■ Supplied information ■

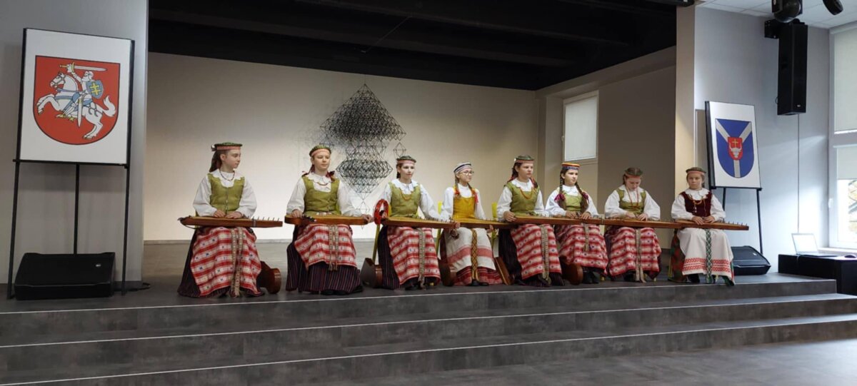 lietuvišką dvasią - jiems koncertavo kanklių būrelio (mokytoja Valė Dervinienė) mergaitės. Kanklės
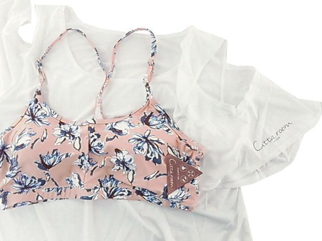 フレア袖とプリーツボトムで気になる体型をカバーしつつ適度に肌見せするショルダーポイントが魅力☆様々な着こなしができる citta room レギンス付き 水陸両用レディース水着4点セット (M)。
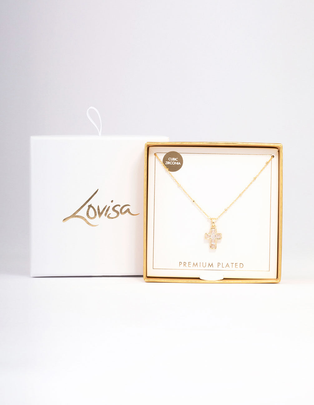 This gift box contains a genuine gold plated pendant necklace with a simple crystal cross charm for a timeless look.
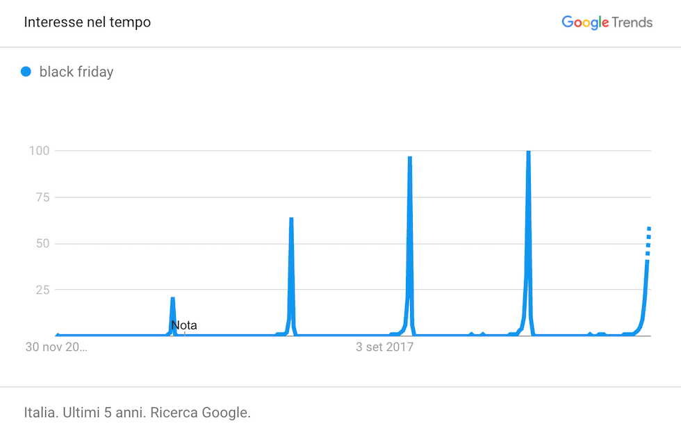 12.45 – Se cercate “Black Friday” su Google Trends vi accorgete subito di come in Italia, negli ultimi cinque anni, sia cresciuto l’interesse per questa ricorrenza commerciale. C’è stata una grande crescita delle ricerche soprattutto dal 2015 al 2016 e poi dal 2016 al 2017, mentre dal 2017 al 2018 la crescita è stata più limitata, forse perché a quel punto ormai tutti ne avevano sentito parlare almeno una volta. È troppo presto per fare previsioni su quest’anno, ma visto da qui è abbastanza sorprendente pensare che fino al 2014 di Black Friday non si parlava per niente.
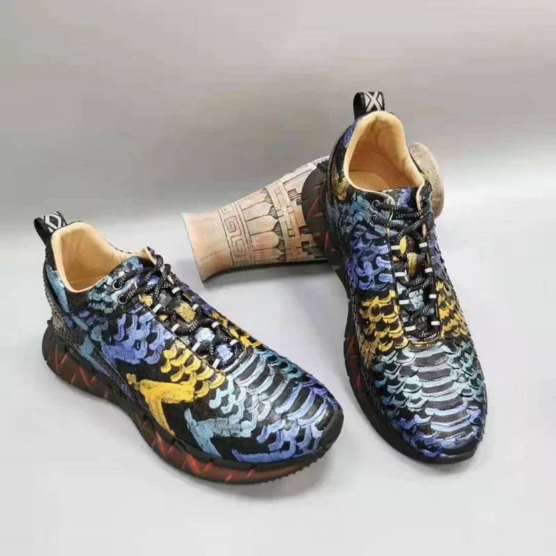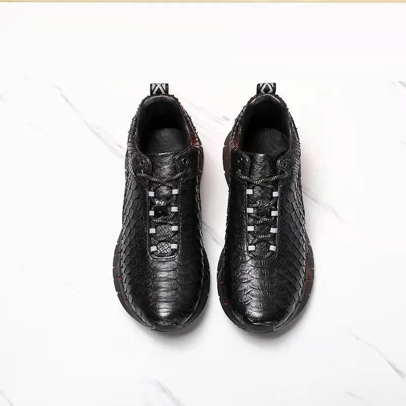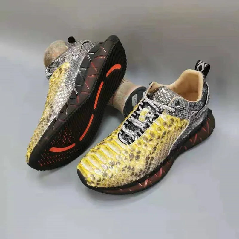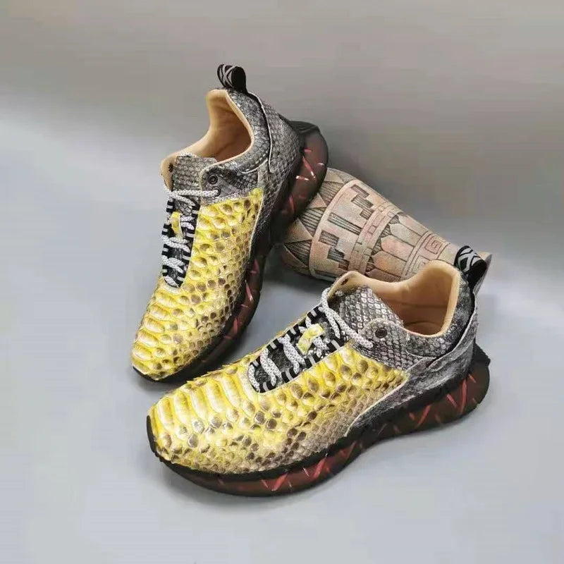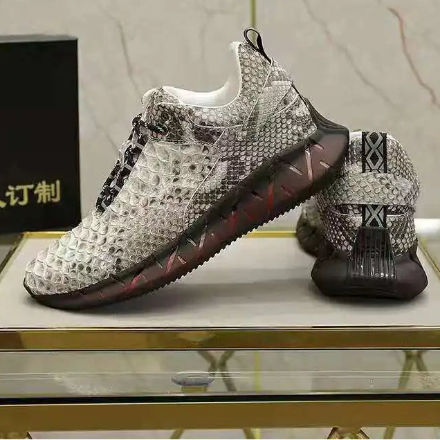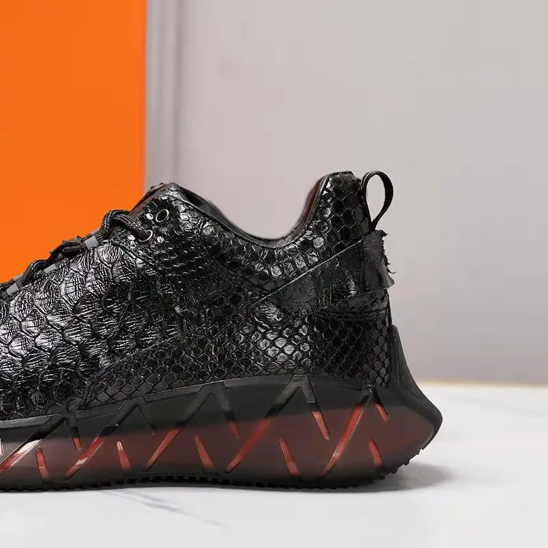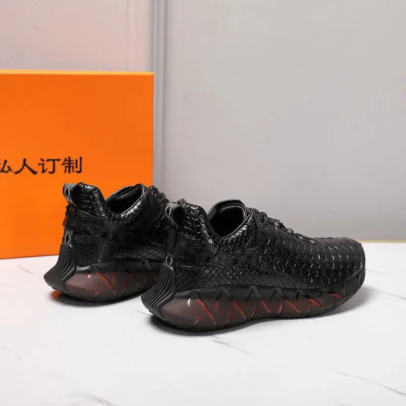 Casual Sports Fashion Snake Skin Lace Up Genuine Leather Sneakers for Men
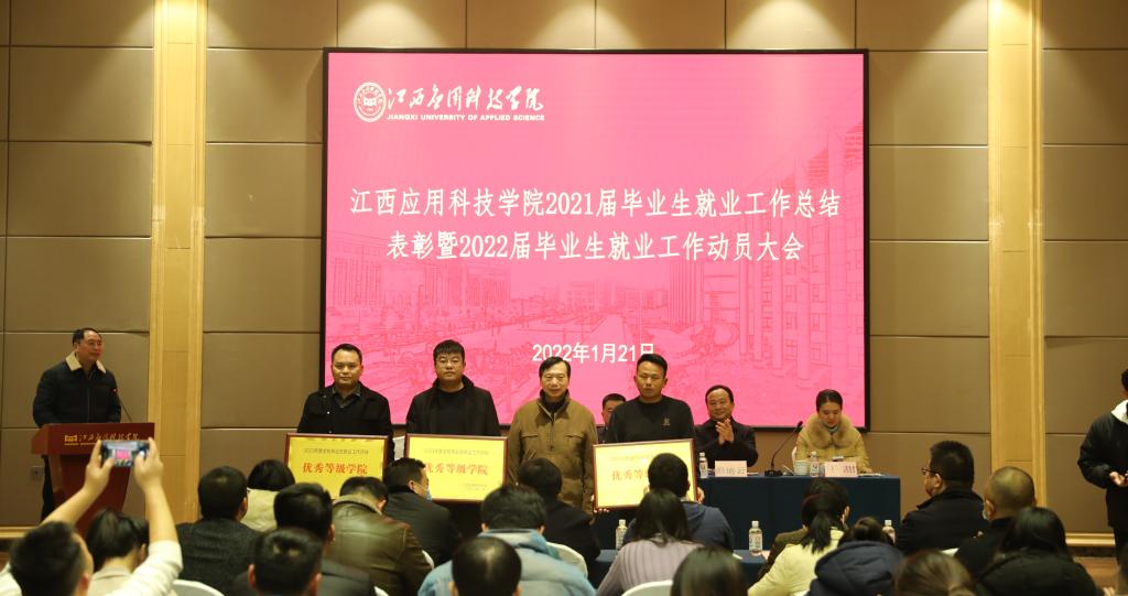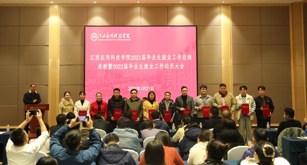 本网讯(记者/熊晨皓 摄影/严远磊)为总结2021年毕业生就业工作经验,更好的部署2022年毕业生就业工作,1月21日下午,学校在国际学术交流中心一楼会议室召开2021届毕业生就业工作总结表彰暨2022届毕业生就业工作动员大会。学校董事长黄玉林、党委书记彭迪云、校长黄士安、常务副校长干甜、副校长李建萍出席会议,相关职能部门、各学院负责人及2021、2022届毕业班辅导员参会。会议由李建萍主持。
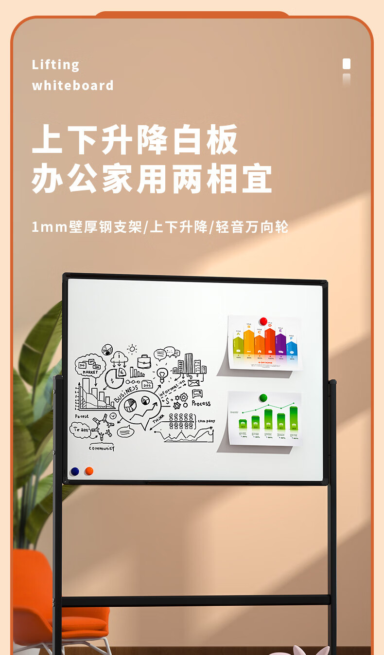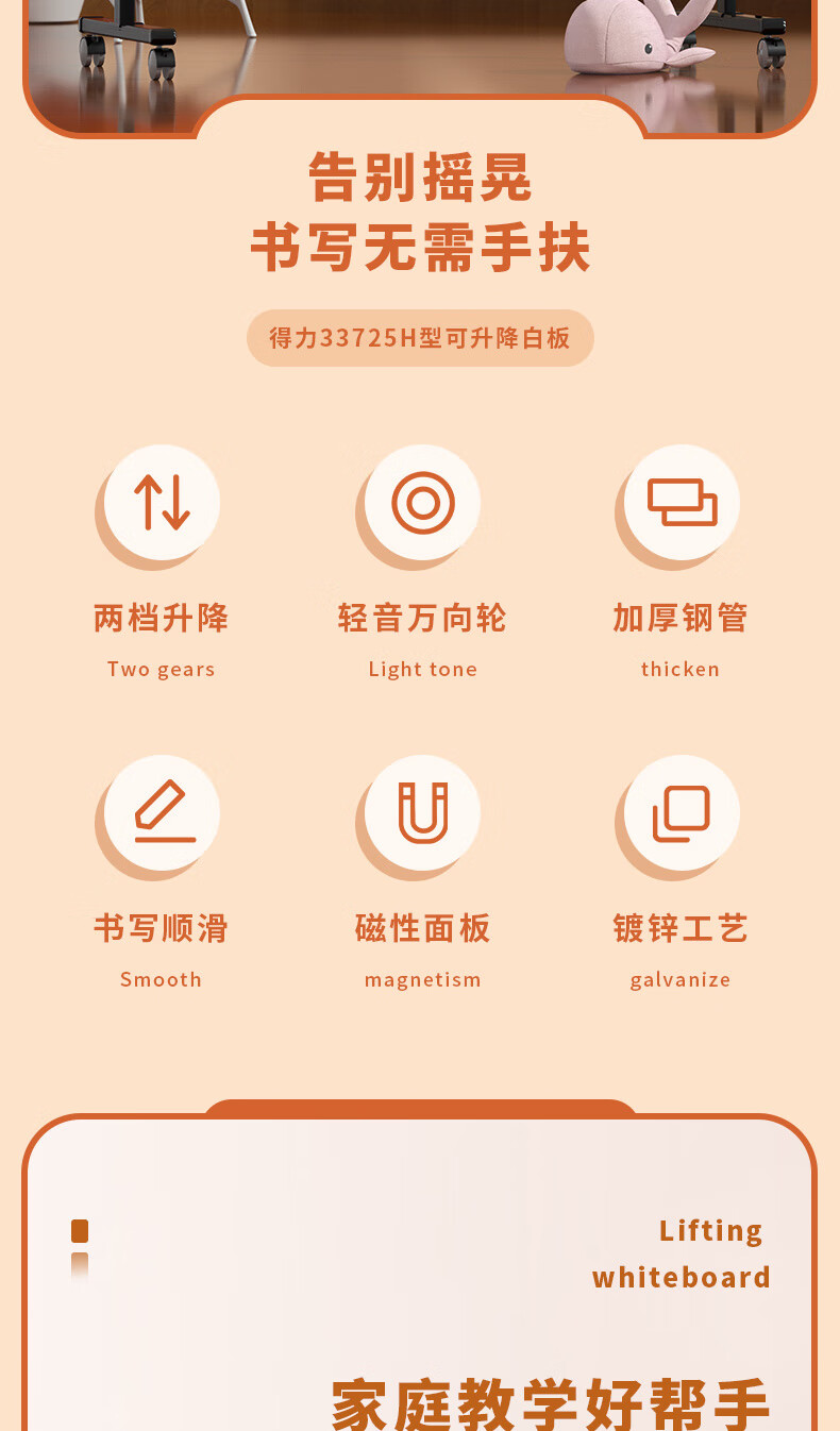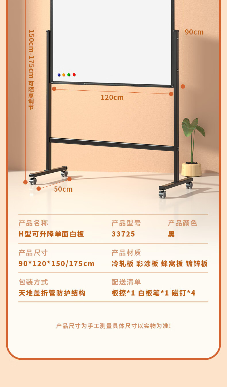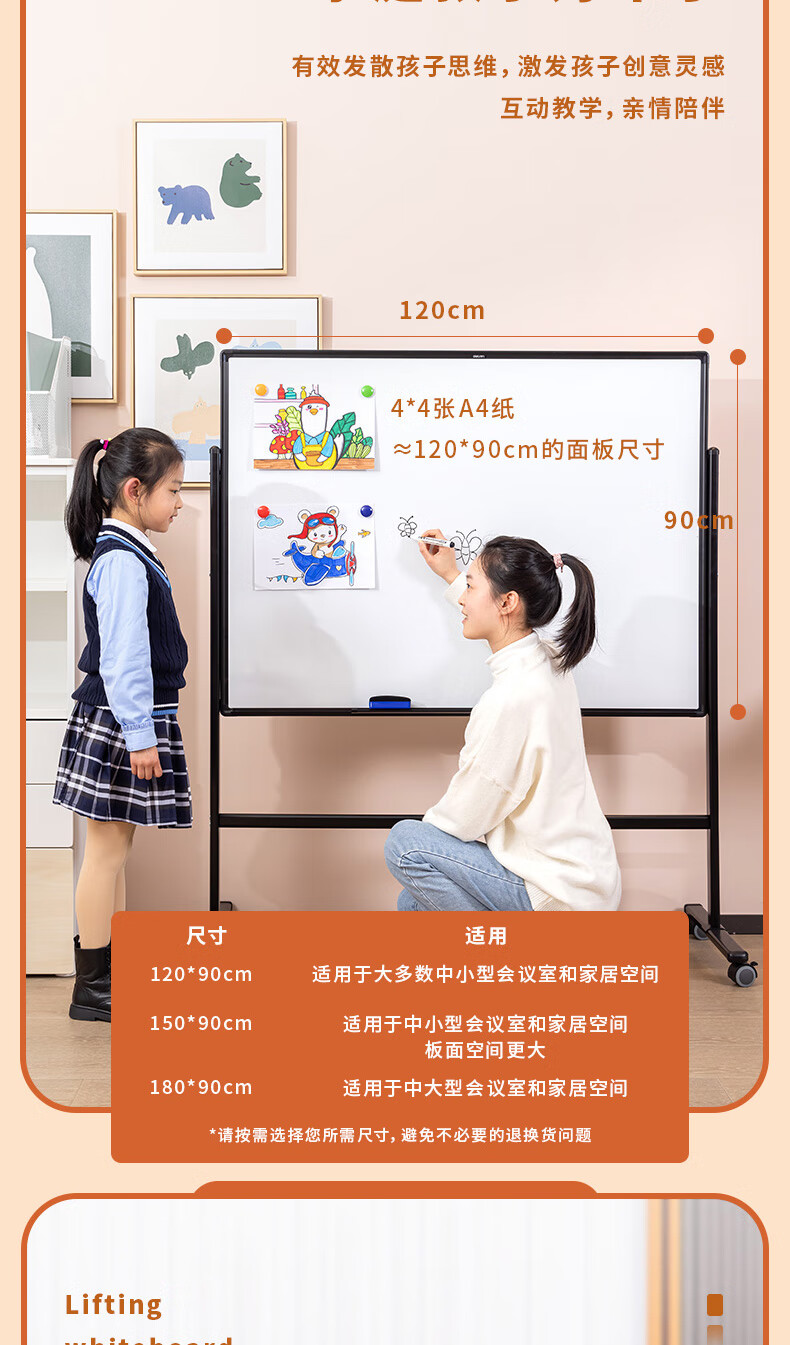 得力(deli)120*90cm支架式白板 白板写字板 书写可移动升降教学儿童画板/办公会议白板黑板家用写字板33725 自营
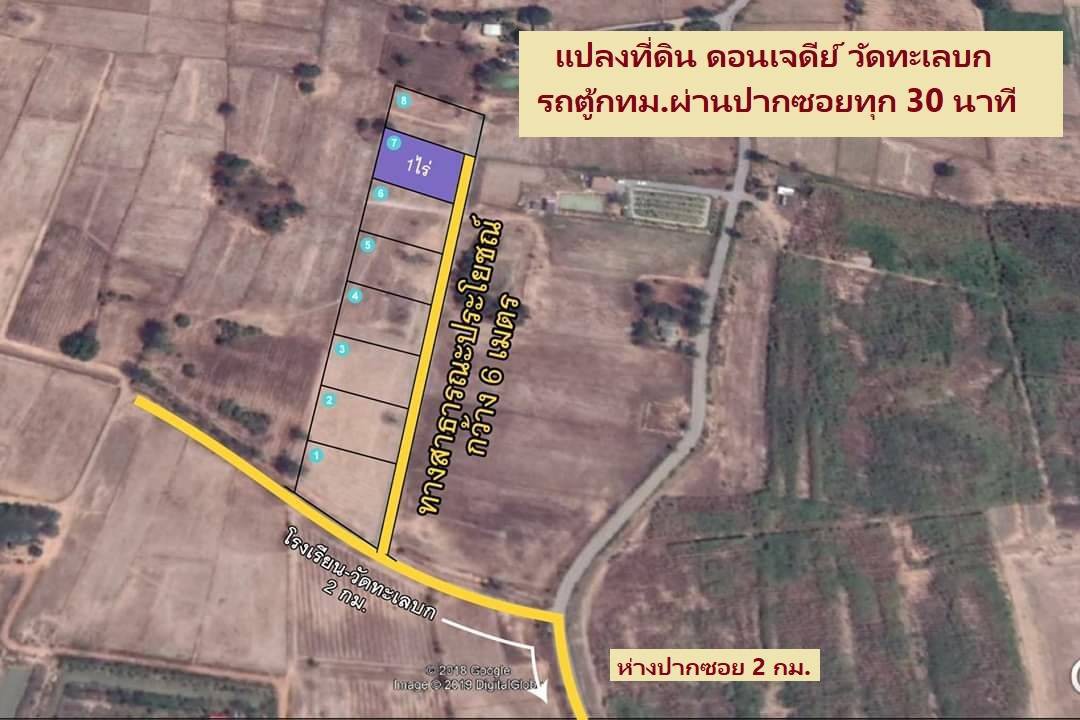 – ปากซอยเป็นวัดทะเลบกติดถนนใหญ่ เข้าซอยข้างวัดถึงที่ดิน 2 กม. (4นาที)
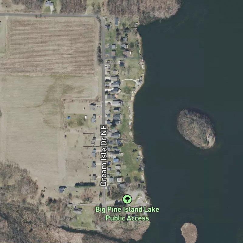The boat launch is practically your front yard—just a five-minute drive, or even closer if you're willing to walk. Pine Island View Park sits on 17 acres of platted land in the Byrne Park Area, where lots average about half an acre each, and homes run around $529K. Big Pine Island Lake is less than half a mile away, which means you're genuinely in lake country without feeling remote; downtown Grand Rapids is about 36 minutes if you need the city. Kids attend Belding Area School District schools. The subdivision's real draw is that proximity to water and access—you can be on the lake or walking to the public access point in minutes, not hours.
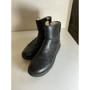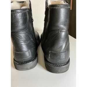 UGG Black Leather Shearling Lined Ankle Boots Side Zip Womens size 9
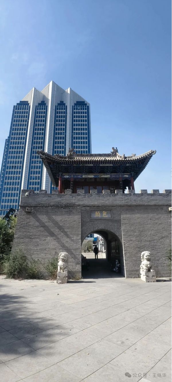 指著前景的古包頭城門與背景的高樓說笑:“你看這新的舊的擠在一塊兒,倒比單看哪樣都有意思?!?/span>
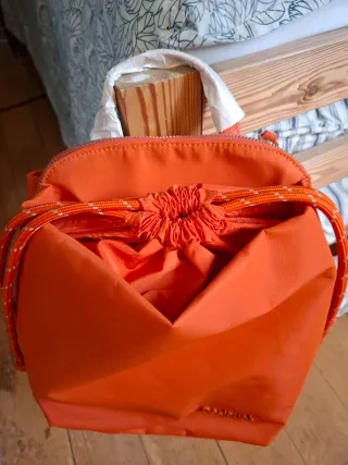 Mochila de la marca Desigual en llamativo color naranja. Nuevo con etiqueta, sin usar - Muchos compartimentos con cremallera. - Bolsillos antirobo. - Cierre con cordón. - Tirantes ajustables.
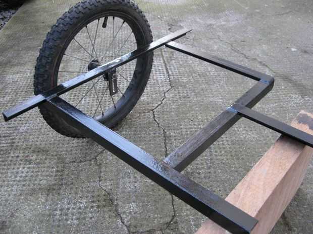 El montaje de la rueda se coloca a medio camino a lo largo del borde del marco y soldadas con autógena en lugar.
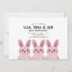 Cute bunny theme for a Best Friends or triplets birthday party invitation featuring three pink baby rabbits. Back with chequered pattern.
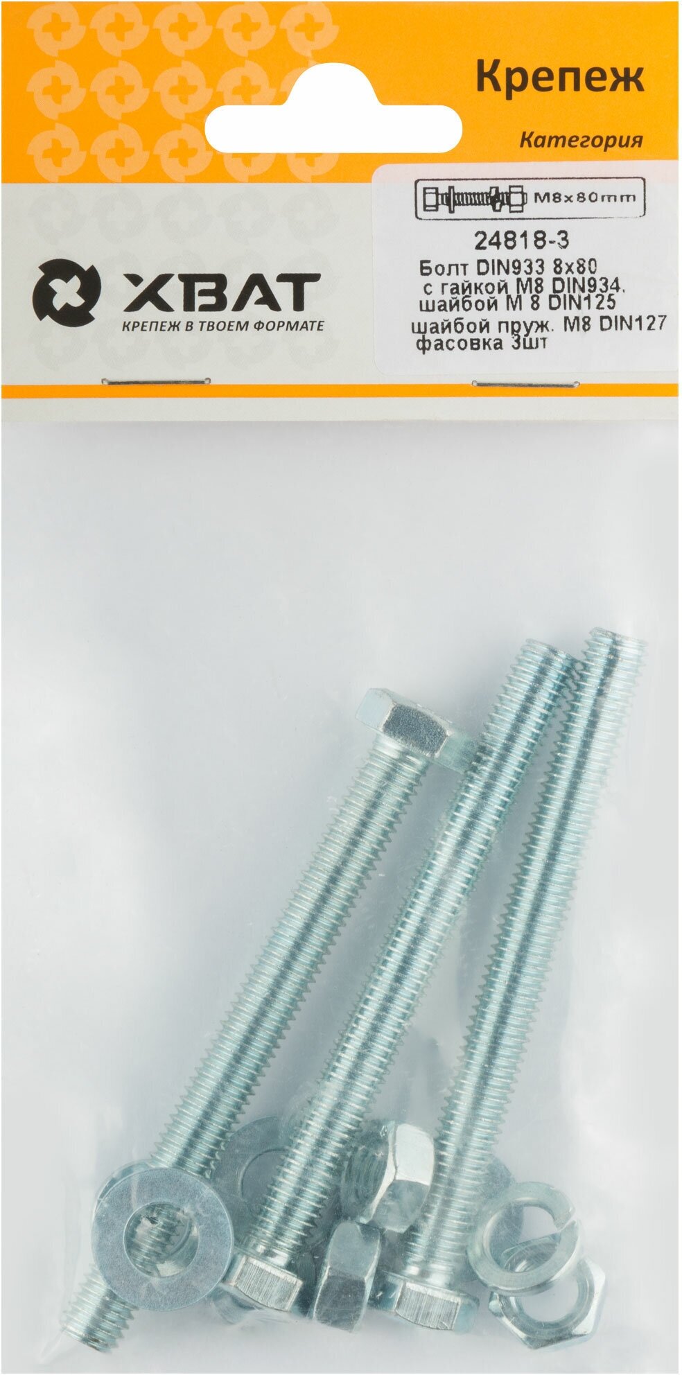 Комплект: Болт DIN933 8х80, с гайкой М8 DIN934, шайбой М 8 DIN125, шайбой пруж. М8 DIN127 (фасовка 3шт.) 24818-3

■ What you will do ■
Within the entries above, the lines from the one containing "本网讯(记者/熊晨皓 摄影/" through the one containing "得力(deli)120*90cm支架式白板 白板写字板 书写可移动升降教学儿童画板/办公会议白板黑板家用写字板33725" are to be transcribed exactly, ends included, pictures excluded.

■ Problem solution ■
 本网讯(记者/熊晨皓 摄影/严远磊)为总结2021年毕业生就业工作经验,更好的部署2022年毕业生就业工作,1月21日下午,学校在国际学术交流中心一楼会议室召开2021届毕业生就业工作总结表彰暨2022届毕业生就业工作动员大会。学校董事长黄玉林、党委书记彭迪云、校长黄士安、常务副校长干甜、副校长李建萍出席会议,相关职能部门、各学院负责人及2021、2022届毕业班辅导员参会。会议由李建萍主持。
 得力(deli)120*90cm支架式白板 白板写字板 书写可移动升降教学儿童画板/办公会议白板黑板家用写字板33725 自营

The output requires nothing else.